Normalization: Comparing normalized stock prices reveals varying magnitudes of growth, with Tesla demonstrating remarkable performance.

Additional Visualizations

# Plotting the daily returns
show_plot(stocks_daily_return, 'STOCKS DAILY RETURNS')
Stock Prices Daily Returns

Daily Returns: The distribution of daily returns provides insights into stock volatility, with some stocks showing more stability than others.

Conclusion

The visualizations and analyses conducted on the stock data provide several valuable insights:

  1. Trend Analysis: By visualizing raw stock prices over time, we observed distinct upward trends for tech giants like Apple (AAPL), Amazon (AMZN), Tesla (TSLA), and Google (GOOG). This indicates robust growth and market confidence in these companies. Conversely, companies like Boeing (BA) and IBM showed more fluctuation, reflecting industry-specific challenges and changes over the years.
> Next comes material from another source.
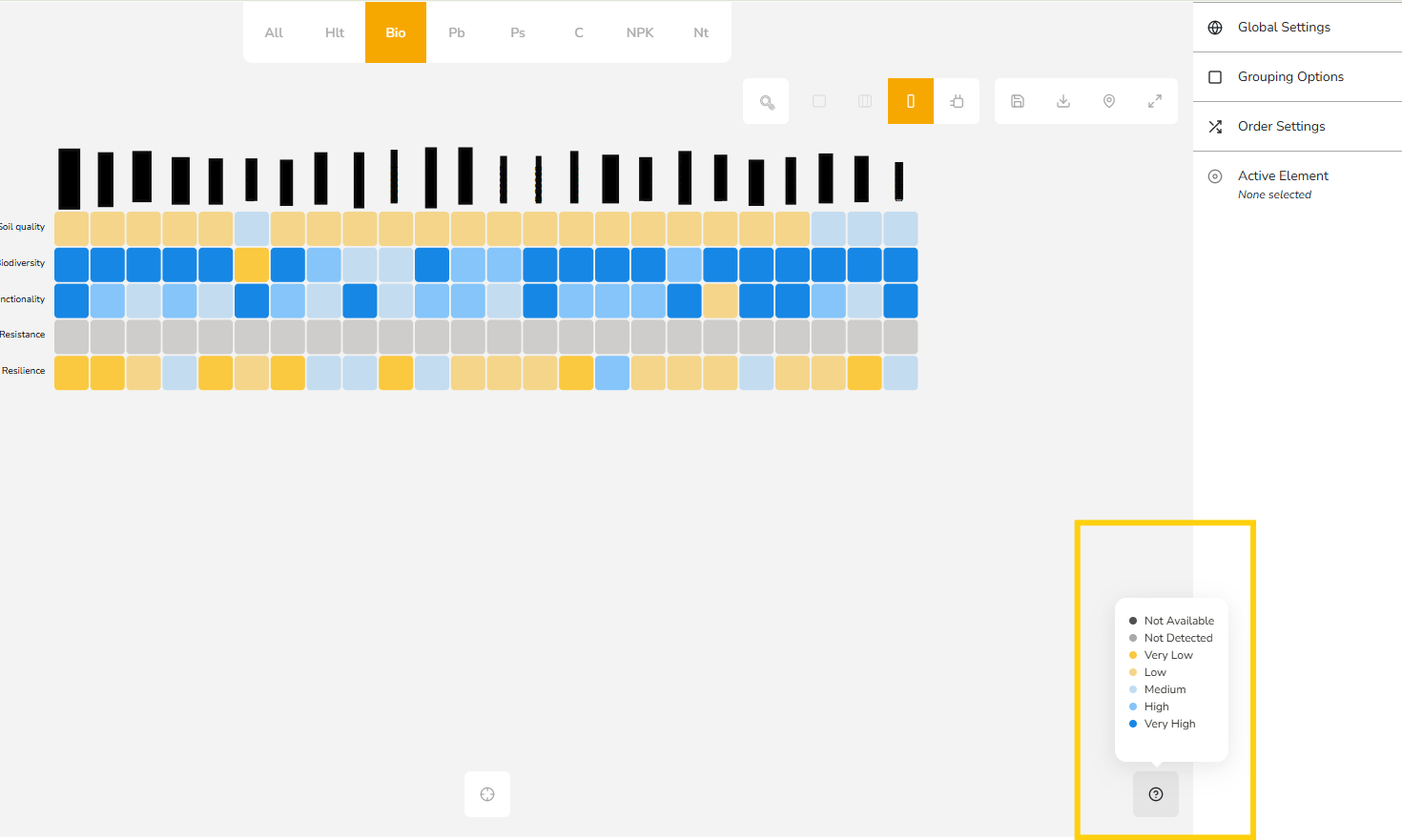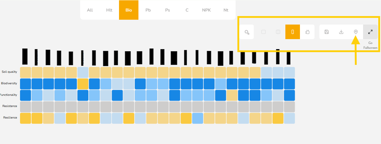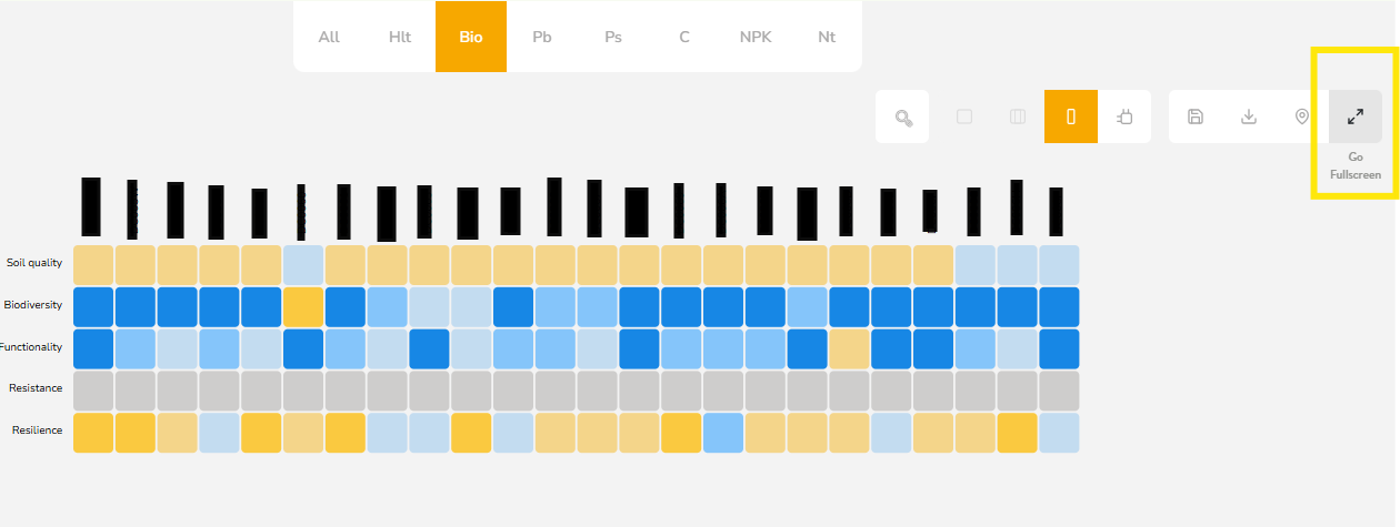 - Bio (Biosustainability) – Show indexes such as soil quality, biodiversity, and functionality.

  2. Impact of Market Events: The daily returns analysis highlighted significant volatility during certain periods, which often correlates with major market events. For example, notable dips in the S&P 500 index (sp500) can be linked to global economic events, such as the financial impacts of the COVID-19 pandemic in early 2020.

  3. Cross-Stock Correlations: The correlation heatmap provided insights into how the stocks move relative to each other. High positive correlations between stocks like AMZN, AAPL, and GOOG suggest that these tech stocks often move in tandem, likely due to their interconnected business models and market influences. Meanwhile, lower or negative correlations with stocks from different sectors (e.g., MGM from the hospitality industry) highlight the diversification benefits of a mixed portfolio.

  4. Normalization and Comparison: Normalizing the stock prices allowed us to compare the relative performance of each stock from a common starting point. This showed that, while all stocks had periods of growth, the magnitude of growth varied significantly. Tesla (TSLA), for example, showed remarkable growth compared to other stocks, reflecting its market disruption and investor enthusiasm.

  5. Daily Returns Distribution: The histograms of daily returns demonstrated that stock returns generally follow a normal distribution with varying degrees of volatility. Stocks like TSLA and AMZN had wider distributions, indicating higher volatility, while others like T (AT&T) and IBM had narrower distributions, reflecting more stable performance.

Overall, the analysis underscores the importance of understanding both individual stock behaviors and their interactions within a portfolio. By leveraging data visualization, we can uncover trends, identify periods of volatility, and make more informed investment decisions.